Now there are all sorts of other ways in which Southerners identify themselves — Salvadorans, Mexicans, Asians — [and] the politics and economics of the region are no longer based on white supremacy. It makes all the sense in the world that for more and more Southerners, Robert E. Lee is just a footnote.
I agree with Brundage, but the piece that is missing is that the participation by certain minorities in the last few decades since the Civil Rights Movement has led to a gradual reshaping of our historical landscape. There is a strong connection between those that wield political influence and the way that power can be used to shape collective memory. White supremacy during the era of Jim Crow led to a concerted effort to shape a certain memory of the war and the antebellum south. In short, those who control politics also control the way we think about the past which in turn reinforces the justification for civic exclusion. The changes that are taking place are inevitable and the debates that take place as a result are often heated. I don’t know what the answer is; all I can say is that a certain amount of understanding and sympathy is always helpful. Our public spaces should reflect the history of the people who live in a given region and who are in the end paying for the building and maintenance of these sites.
There is no shortage of biographies and other types of studies of Lee, but even here many interpret this body of scholarship as an attack on Lee and the South. Copies of Alan Nolan’s 1991 study of Lee were burned in reaction to his characterization of Lee as slaveowner his decision to align himself with Virginia and the Confederacy, and his conduct of the war. While I am not a big fan of the book there is something to be said of the heated response. I see this as just one of the places where history and heritage compete for our attention. We know much more about the antebellum south, the Confederacy, and the war in general so it is not surprising that many of our traditional views of this event and the people who fought it are changing. We are closing in on the sesquicentennial anniversary of the war which means that our emotional distance is also increasing. No doubt this makes it easier for some to look at old questions from a fresh perspective or even challenge outright the assumptions that for so long have guided our thinking. Washington and Lee University’s upcoming exhibit on Lee titled “Re-Visioning Lee” and Arlington National Cemetery’s symposium titled “Does Lee Matter” suggests that this year is going to see a great deal of conflict between those who are willing to step back and examine with fresh eyes and those who will cling to a more pleasing or comforting view of Lee. According to DeLaney who is helping to organize the exhibit on Lee at W&L:
At Washington and Lee, all things are on the table for debate and discussion, including Robert E. Lee. Nothing’s too sacred. And that’s an important change.

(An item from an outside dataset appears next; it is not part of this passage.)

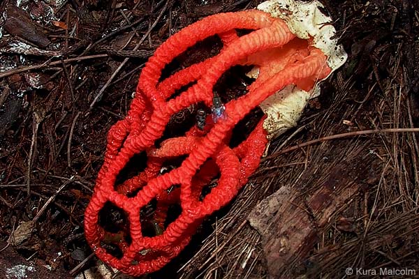 Atiu: fieldspecimen+photo, 2005/01, Kura Malcolm in pine forest, ID 2007/05 Ross Beever as Clathrus near oahuensis.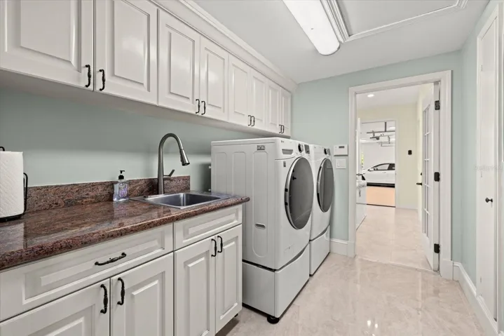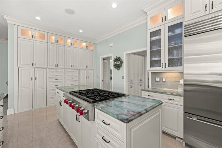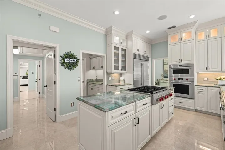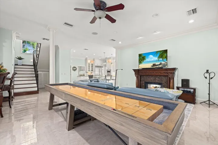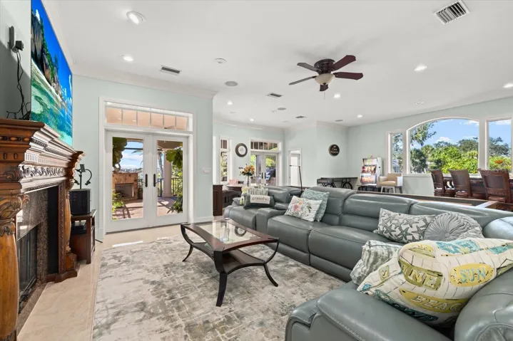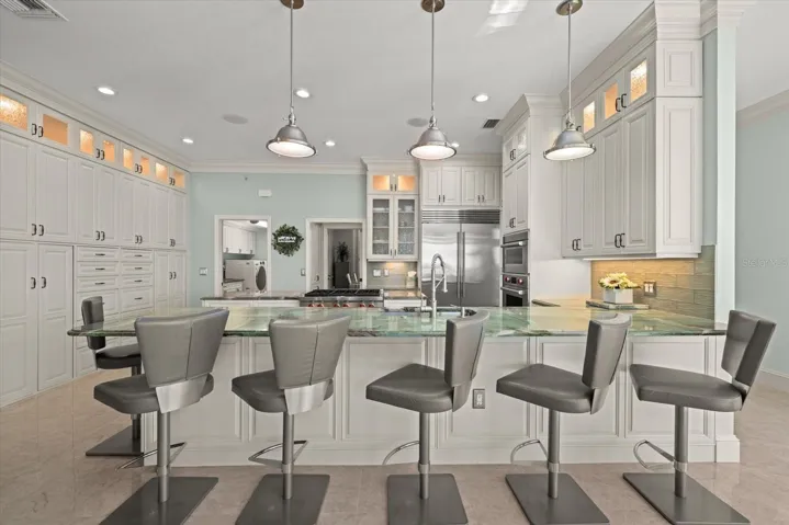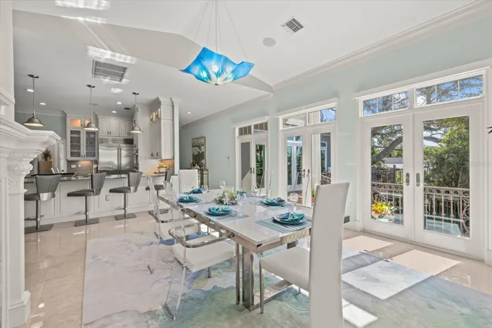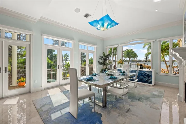 Inside, approximately 6,000 sq.ft. of luxury space showcases new high-gloss 2’x2’ porcelain floors, fresh paint, and panoramic bay views from major living areas and every bedroom. The custom built 2024 chef’s kitchen features a Wolf gas range/ovens, Sub-Zero refrigeration, new Cove dishwasher, 21.7 cu.ft. freezer, rollout coffee system, instant hot water, granite surfaces, and custom cabinetry. The expansive family room with full bar opens to a screened waterfront pavilion with outdoor kitchen, fireplace, and views of the large bayfront pool with waterfall. The dining room includes new lighting and upgraded storm-rated patio doors framing a dramatic 45-degree water vista.

An important change for some, no doubt, but the majority of people celebrating Lee’s birthday are not interested in any reassessment of the general. Rather, Lee’s place in the minds of many is secured and worth defending in the face of all challenges. This popular image of Lee can be found in the many editorials that have appeared over the last few days in newspapers from around the country. Here is just a small sample:
1. That “something” was wrapped up in his character more than in his morally maculate cause. He was a Virginia gentleman in the best sense: self-disciplined, devoted to duty, genteel, compassionate, humble. He cared for his bedridden mother, becoming nurse, companion, and housekeeper to her in her final years. Likewise did he serve his wife as arthritis began to cripple her. Other virtues? In his military career before the Civil War he displayed physical courage, fidelity, and technical competence as an engineer. As a father, he was a beloved–if seldom home–playmate, a reader of books and teller of stories.

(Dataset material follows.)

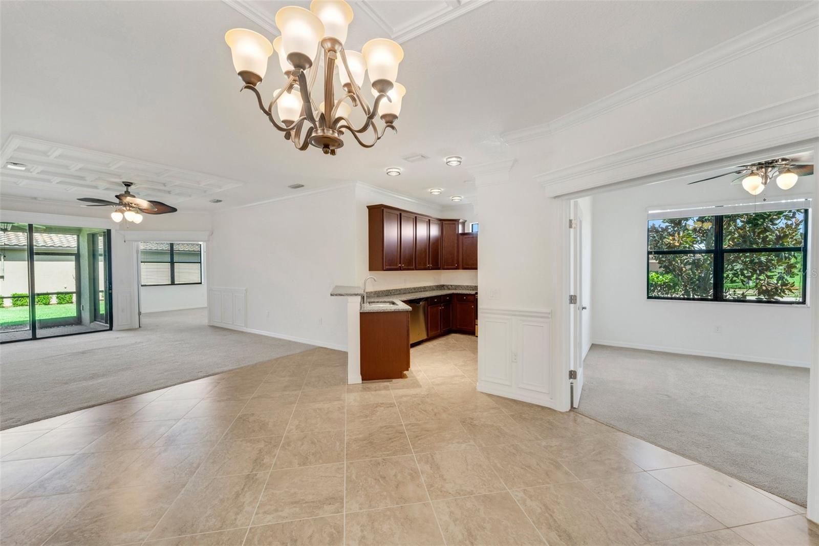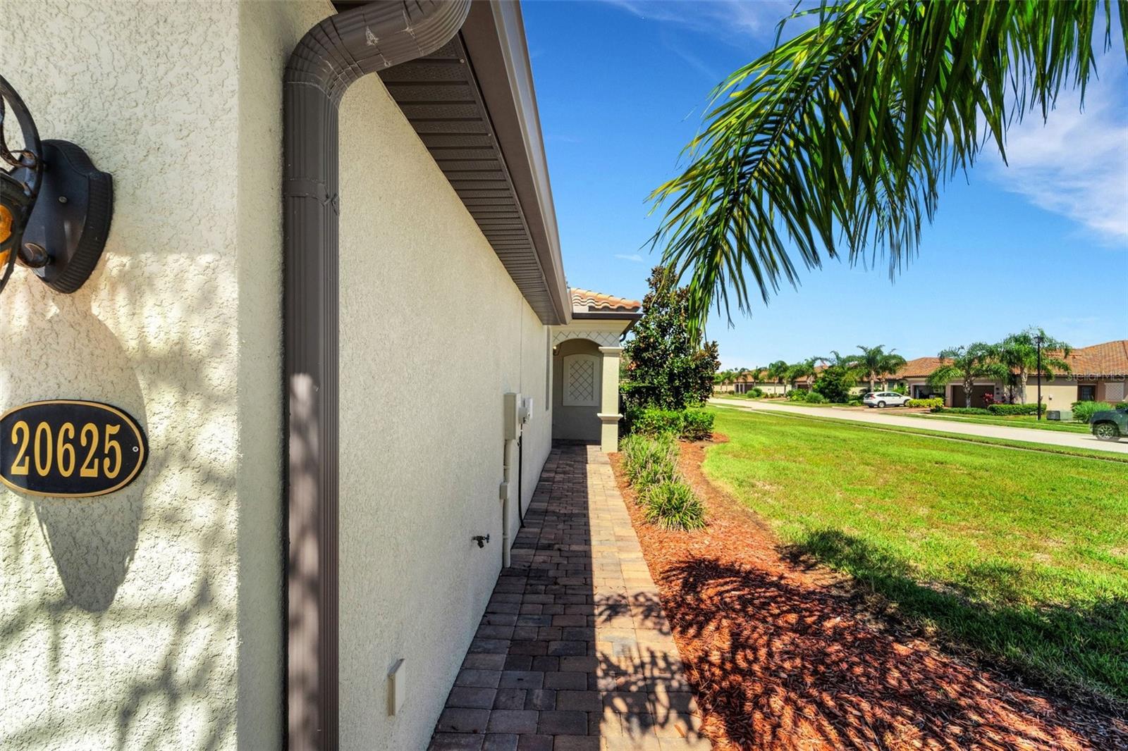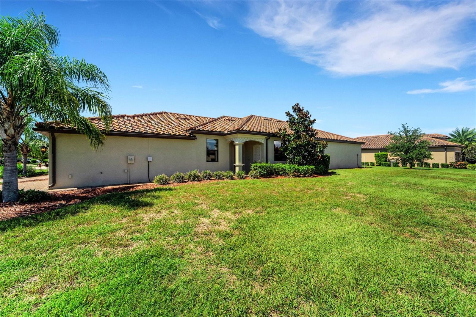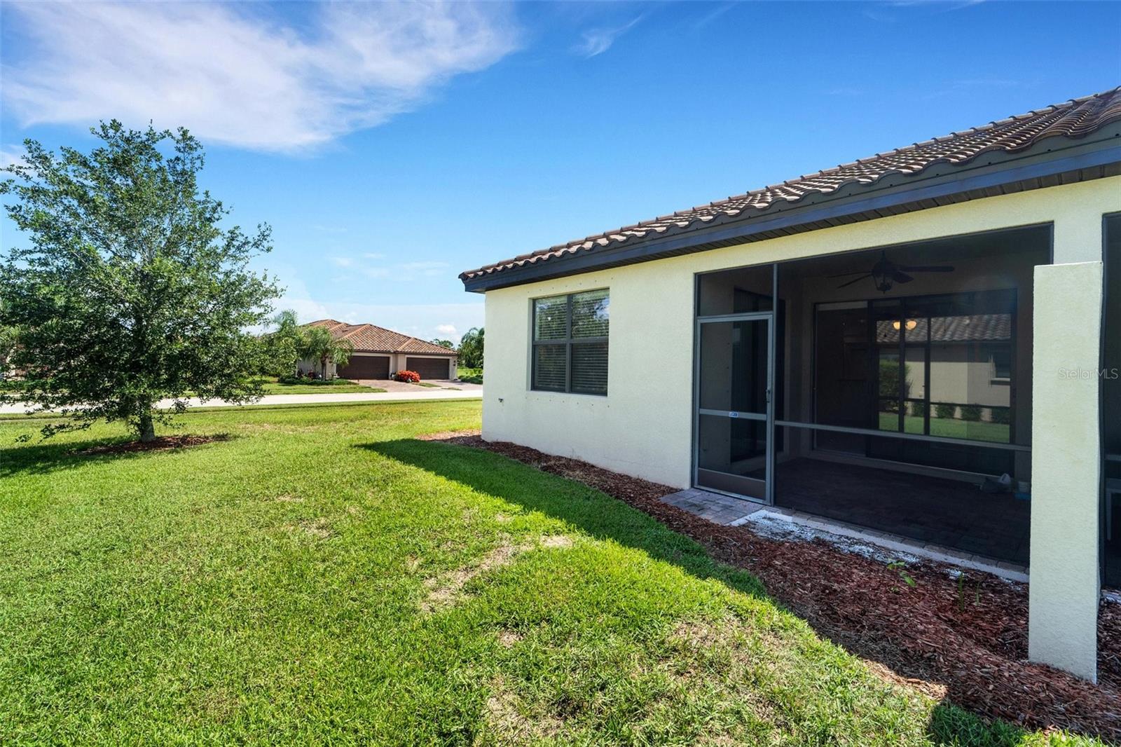 Immerse yourself in the elegance of this meticulously maintained villa in Gran Paradiso, a premier gated community in Wellen Park. This stunning 2-bedroom plus den, 2-bath residence sits on an oversized corner lot, offering a tranquil retreat with every modern comfort. Step inside to discover detailed trim work throughout, exquisite custom ceiling and wall details, and updated fixtures. The open floor plan features high ceilings, crown molding, ceramic tile flooring, and plush carpeting in the bedrooms. The bonus den/office, accessed via French doors, provides a quiet space for work or relaxation. The updated kitchen is a chef's delight with granite counters, stainless steel appliances, ample cabinetry, and a convenient breakfast bar. The main bedroom suite boasts an ensuite bathroom with double sinks, a garden tub, and a spacious walk-in closet. Outside, the landscaped grounds are meticulously maintained with an irrigation system. Enjoy the screened entryway and an extended covered lanai, perfect for savoring morning coffee or evening sunsets. Gran Paradiso offers an exceptional lifestyle with its largest resort-style pool in the area, a state-of-the-art fitness room, tennis and pickleball courts, and a playground. Miles of sidewalks wind through the community, ideal for leisurely strolls or bike rides. Conveniently located near upcoming amenities including a new hospital and Costco, Gran Paradiso ensures easy access to essentials and entertainment. Within Wellen Park, explore diverse dining options, charming shops, and a picturesque lake, all contributing to the community's allure. Escape to Gran Paradiso, where luxury meets tranquility. Contact us today for your private tour of this extraordinary villa. This home is currently rented until October 31, 2025.

2. If everyone had conducted themselves the way Robert E. Lee did after the Civil War, the healing could have been less painful. Human beings, flawed and sinful, decided to take the low road. They did not meet Lee on that road. True to his character, he refused to travel it.
3. In this modern age, where the individual has become god and God has been diminished so successfully, I guess it would be unreasonable to expect the general to receive his due respect.
4. The significance of General Lee’s (and Thomas Jackson’s) life cannot be overvalued. While the character and influence of most of us will barely be remembered two hundred days after our departure, the sterling character of these men has endured for two hundred years. What a shame that so many of America’s youth are being robbed of knowing and studying the virtue and integrity of the great General Robert E. Lee and General Thomas J. “Stonewall” Jackson.
5. If Robert E. Lee were alive, he would be celebrating his 200th birthday on Friday, January 19, 2007. This date will probably pass without much notice in the North, but many of us in Dixie will mark the day with recollections of just how great a man he was. In this regard, I offer this reprint of his Farewell to the Army of Northern Virginia. If Mr. Bush wants to end the war in Iraq now, this would serve as an excellent draft for his farewell speech to the troops.
6. Please share the story of this great Virginian with your children and local schoolteachers. The example of Robert E. Lee should be taught in our nation’s schools as America remembers his 200th birthday today.
I will leave it to others to evaluate Lee’s moral qualities. As a historian the question holds no significance for me. I am much more interested in understanding Lee within the rich historical context that has been explored over the past few decades by historians. What I find so striking is the apparent disconnect between the assessment of Lee’s moral qualities and any discussion about history. It’s as if Lee has been plucked out of the past to be used as we see fit. We can use Lee to figure out how to handle the war in Iraq and as the embodiment of moral perfection we can use him to educate our children.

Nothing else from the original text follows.